"""

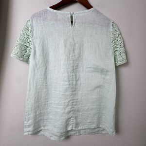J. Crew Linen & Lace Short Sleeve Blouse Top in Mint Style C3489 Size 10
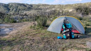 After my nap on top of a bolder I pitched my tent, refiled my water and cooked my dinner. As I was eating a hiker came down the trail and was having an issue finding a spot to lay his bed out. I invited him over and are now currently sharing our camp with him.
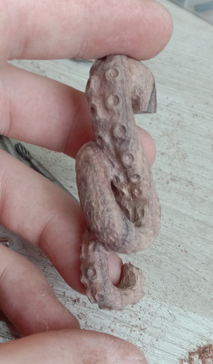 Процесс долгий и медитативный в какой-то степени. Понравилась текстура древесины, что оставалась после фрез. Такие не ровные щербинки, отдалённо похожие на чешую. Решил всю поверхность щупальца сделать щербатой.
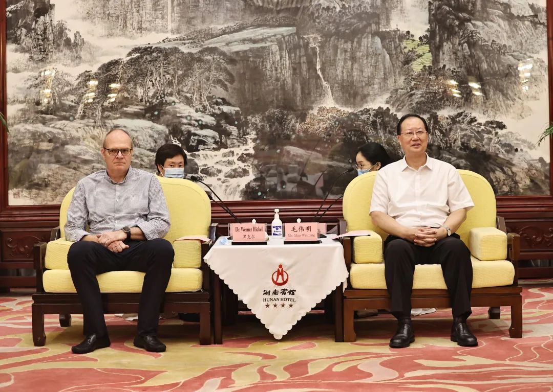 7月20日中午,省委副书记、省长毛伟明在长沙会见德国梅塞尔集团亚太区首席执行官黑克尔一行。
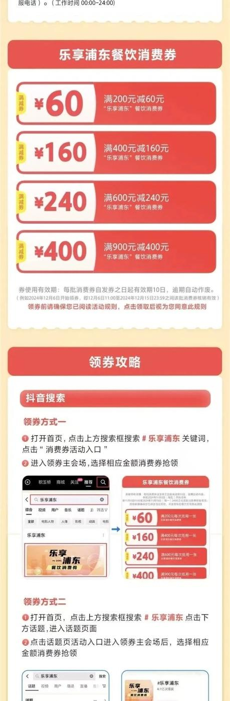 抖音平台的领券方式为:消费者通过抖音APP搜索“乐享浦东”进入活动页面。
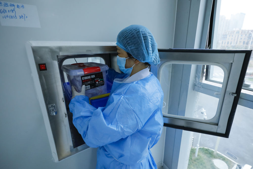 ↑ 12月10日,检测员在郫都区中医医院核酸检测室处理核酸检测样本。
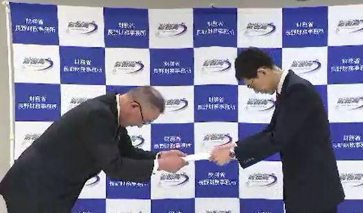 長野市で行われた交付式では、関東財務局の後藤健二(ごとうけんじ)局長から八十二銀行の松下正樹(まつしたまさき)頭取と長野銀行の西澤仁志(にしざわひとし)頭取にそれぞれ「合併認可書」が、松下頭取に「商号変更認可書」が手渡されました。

"""
"""

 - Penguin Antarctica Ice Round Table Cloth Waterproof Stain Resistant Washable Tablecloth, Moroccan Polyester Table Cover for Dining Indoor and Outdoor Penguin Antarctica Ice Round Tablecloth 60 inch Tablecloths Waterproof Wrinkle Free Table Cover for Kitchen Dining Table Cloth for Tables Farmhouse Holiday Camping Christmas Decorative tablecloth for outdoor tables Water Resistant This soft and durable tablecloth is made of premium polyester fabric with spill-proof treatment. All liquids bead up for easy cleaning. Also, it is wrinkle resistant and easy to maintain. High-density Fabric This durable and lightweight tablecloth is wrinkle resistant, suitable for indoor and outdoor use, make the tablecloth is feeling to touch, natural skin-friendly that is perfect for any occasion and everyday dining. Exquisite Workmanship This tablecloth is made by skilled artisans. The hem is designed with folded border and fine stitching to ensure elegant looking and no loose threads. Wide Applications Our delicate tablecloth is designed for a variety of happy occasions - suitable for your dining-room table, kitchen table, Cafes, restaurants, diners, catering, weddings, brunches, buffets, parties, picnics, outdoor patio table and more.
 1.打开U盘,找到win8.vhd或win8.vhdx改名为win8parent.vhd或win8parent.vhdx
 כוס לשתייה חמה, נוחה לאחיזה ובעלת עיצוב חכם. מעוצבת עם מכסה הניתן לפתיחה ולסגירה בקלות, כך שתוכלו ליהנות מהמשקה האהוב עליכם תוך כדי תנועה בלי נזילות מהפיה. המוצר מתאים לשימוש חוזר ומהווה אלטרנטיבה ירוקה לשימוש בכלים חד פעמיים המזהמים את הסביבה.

"""
"""

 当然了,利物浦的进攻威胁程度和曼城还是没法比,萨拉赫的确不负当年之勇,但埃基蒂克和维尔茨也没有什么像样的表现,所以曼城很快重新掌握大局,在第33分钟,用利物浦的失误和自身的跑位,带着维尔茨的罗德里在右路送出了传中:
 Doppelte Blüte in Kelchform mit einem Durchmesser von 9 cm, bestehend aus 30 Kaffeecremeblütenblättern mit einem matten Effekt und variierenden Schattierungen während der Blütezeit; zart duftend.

"""

* [Task objective] Only one part of the material above is wanted: the lines from the one with "J. Crew Linen" up to and including the one with "長野市で行われた交付式では、". Please copy them exactly, pictures left out.

* [Response to this task]
J. Crew Linen & Lace Short Sleeve Blouse Top in Mint Style C3489 Size 10
 After my nap on top of a bolder I pitched my tent, refiled my water and cooked my dinner. As I was eating a hiker came down the trail and was having an issue finding a spot to lay his bed out. I invited him over and are now currently sharing our camp with him.
 Процесс долгий и медитативный в какой-то степени. Понравилась текстура древесины, что оставалась после фрез. Такие не ровные щербинки, отдалённо похожие на чешую. Решил всю поверхность щупальца сделать щербатой.
 7月20日中午,省委副书记、省长毛伟明在长沙会见德国梅塞尔集团亚太区首席执行官黑克尔一行。
 抖音平台的领券方式为:消费者通过抖音APP搜索“乐享浦东”进入活动页面。
 ↑ 12月10日,检测员在郫都区中医医院核酸检测室处理核酸检测样本。
 長野市で行われた交付式では、関東財務局の後藤健二(ごとうけんじ)局長から八十二銀行の松下正樹(まつしたまさき)頭取と長野銀行の西澤仁志(にしざわひとし)頭取にそれぞれ「合併認可書」が、松下頭取に「商号変更認可書」が手渡されました。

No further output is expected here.